6.       Primary VM Suffers Out of Space Error
If the storage system you are using has thin provisioning built in, a Primary VM can crash when it encounters an out of space error.
Problem
When used with a thin provisioned storage system, a Primary VM can crash. The Secondary VM replaces the Primary VM, but the error message "There is no more space for virtual disk <disk_name>" appears on the vSphere client
Cause
If thin provisioning is built into the storage system, it is not possible for ESX/ESXi hosts to know if enough disk space has been allocated for a pair of fault tolerant virtual machines. If the Primary VM asks for extra disk space but there is no space left on the storage, the primary VM crashes.
Solution
The error message gives you the choice of continuing the session by clicking "Retry" or clicking "Cancel" to terminate the session. Ensure that there is sufficient disk space for the fault tolerant virtual machine pair and click "Retry"
7.       Fault Tolerant Virtual Machine Failovers
A Primary or Secondary VM can fail over even though its ESXi host has not crashed. In such cases, virtual
machine execution is not interrupted, but redundancy is temporarily lost. To avoid this type of failover, be
aware of some of the situations when it can occur and take steps to avoid them.
Partial Hardware Failure Related to Storage
This problem can arise when access to storage is slow or down for one of the hosts. When this occurs there are many storage errors listed in the VMkernel log. To resolve this problem you must address your storage-related problems.
Partial Hardware Failure Related to Network
If the logging NIC is not functioning or connections to other hosts through that NIC are down, this can trigger a fault tolerant virtual machine to be failed over so that redundancy can be reestablished. To avoid this problem, dedicate a separate NIC each for vMotion and FT logging traffic and perform vMotion migrations only when the virtual machines are less active.
Insufficient Bandwidth on the Logging NIC Network
This can happen because of too many fault tolerant virtual machines being on a host. To resolve this problem, more broadly distribute pairs of fault tolerant virtual machines across different hosts.
vMotion Failures Due to Virtual Machine Activity Level
If the vMotion migration of a fault tolerant virtual machine fails, the virtual machine might need to be failed over. Usually, this occurs when the virtual machine is too active for the migration to be completed with only minimal disruption to the activity. To avoid this problem, perform vMotion migrations only when the virtual machines are less active.
Too Much Activity on VMFS Volume Can Lead to Virtual Machine Failovers
When a number of file system locking operations, virtual machine power ons, power offs, or vMotion
migrations occur on a single VMFS volume, this can trigger fault tolerant virtual machines to be failed over. A symptom that this might be occurring is receiving many warnings about SCSI reservations in the VMkernel log. To resolve this problem, reduce the number of file system operations or ensure that the fault tolerant virtual machine is on a VMFS volume that does not have an abundance of other virtual machines that are regularly being powered on, powered off, or migrated using vMotion.
Lack of File System Space Prevents Secondary VM Startup
Check whether or not your /(root) or /vmfs/datasource file systems have available space. These file systems can become full for many reasons, and a lack of space might prevent you from being able to start a new Secondary VM.
8.       VMware Fault Tolerance fails to turn on in a two node cluster
Purpose
Running FT protected virtual machines in a two node cluster is supported. Problems can occur when there is a need to vMotion the primary virtual machine from one host to the other. As the primary and secondary virtual machines cannot reside on the same host, FT must be turned off so that the secondary virtual machines is destroyed. The primary virtual machines can then be vMotioned to the other host.
Resolution
This issue occurs if the monitor mode changes during the vMotion process. FT requires the monitor mode be set to Use Intel VT-x/AMD-V for instruction set virtualization and software for MMU virtualization for the monitor mode to not change during the vMotion process.

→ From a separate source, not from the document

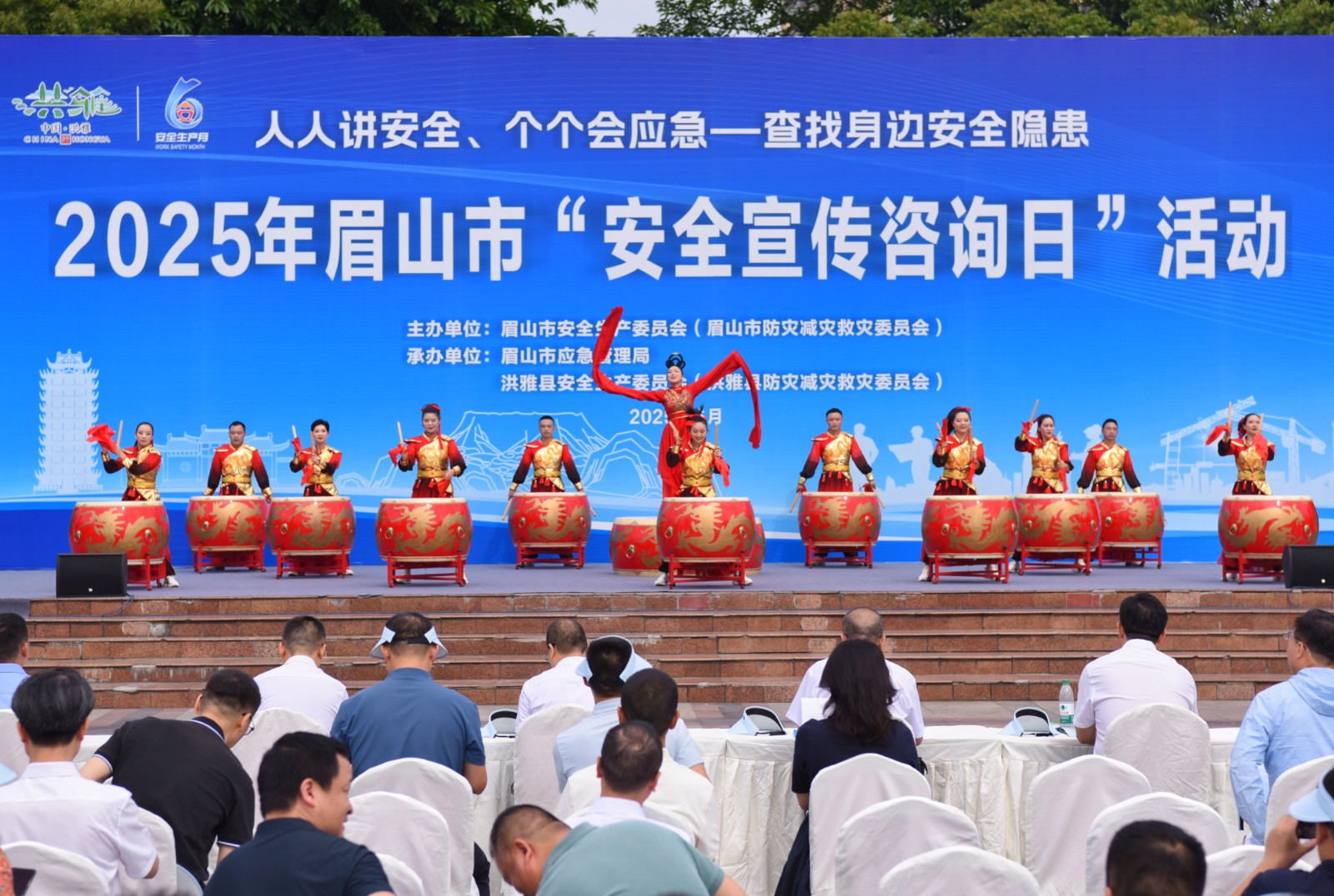 此次活動以“人人講安全、個個會應急——查找身邊安全隱患”為主題,吸引了眾多市民踴躍參與。活動當日,洪雅新廣場上人頭攢動,熱鬧非凡。大鼓舞隊的隊員們身著鮮艷的服裝,精神抖擻地登上舞臺。隨著音樂的響起,隊員們揮動手中的鼓槌,以磅礴的氣勢、整齊的節奏敲響大鼓。激昂的鼓聲瞬間點燃了現場氣氛,贏得了臺下觀眾的陣陣掌聲和歡呼聲。

The default setting for the virtual machine monitor mode is Automatic and FT sets the monitor mode appropriately behind the scenes. If the hosts in the cluster support the Use Intel VT-x/AMD-V for instruction set virtualization and Intel EPT/AMD RVI for MMU virtualization option, the monitor mode is changed to this during the vMotion process.

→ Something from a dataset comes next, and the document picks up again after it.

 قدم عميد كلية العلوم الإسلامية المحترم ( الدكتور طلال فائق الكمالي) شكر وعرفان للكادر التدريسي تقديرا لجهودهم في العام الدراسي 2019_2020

To set the monitor mode explicitly to Use Intel VT-x/AMD-V for instruction set virtualization and software for MMU virtualization:

Note: In some instances, the virtual machine needs to be powered off in order to change the monitor mode.
·         Right-click the virtual machine in question and choose Edit Settings.
·         In the virtual machine Properties window, click Options and select the CPU/MMU Virtualization option under the Advanced heading.
·         Select the radio button next to Use Intel VT-x/AMD-V for instruction set virtualization and software for MMU virtualization.
·         Click OK.
·         For the setting to take effect, the virtual machine needs to be power cycled or vMotion to another host. When this is complete, FT can be turned on for the virtual machine.

9.       Processors and guest operating systems that support VMware Fault Tolerance
Details
VMware Fault Tolerance (FT) requires specific processors (CPUs) and guest operating systems.
Solution
Processors 
VMware collaborated with AMD and Intel in providing an efficient vSphere FT capability on modern x86 processors. The collaboration required changes in both the performance counter architecture and virtualization hardware assists of both Intel and AMD and these have been included in all processors launched since early 2008.

For vSphere FT to be supported, the ESXi servers that host the Primary VM and Secondary VM must both use compatible processors. Compatible processors share the same Fault Tolerant Compatible Set as shown in the VMware Compatibility Guide (See http://www.vmware.com/resources/compatibility). Processors in different Fault Tolerant Compatible Sets are not compatible.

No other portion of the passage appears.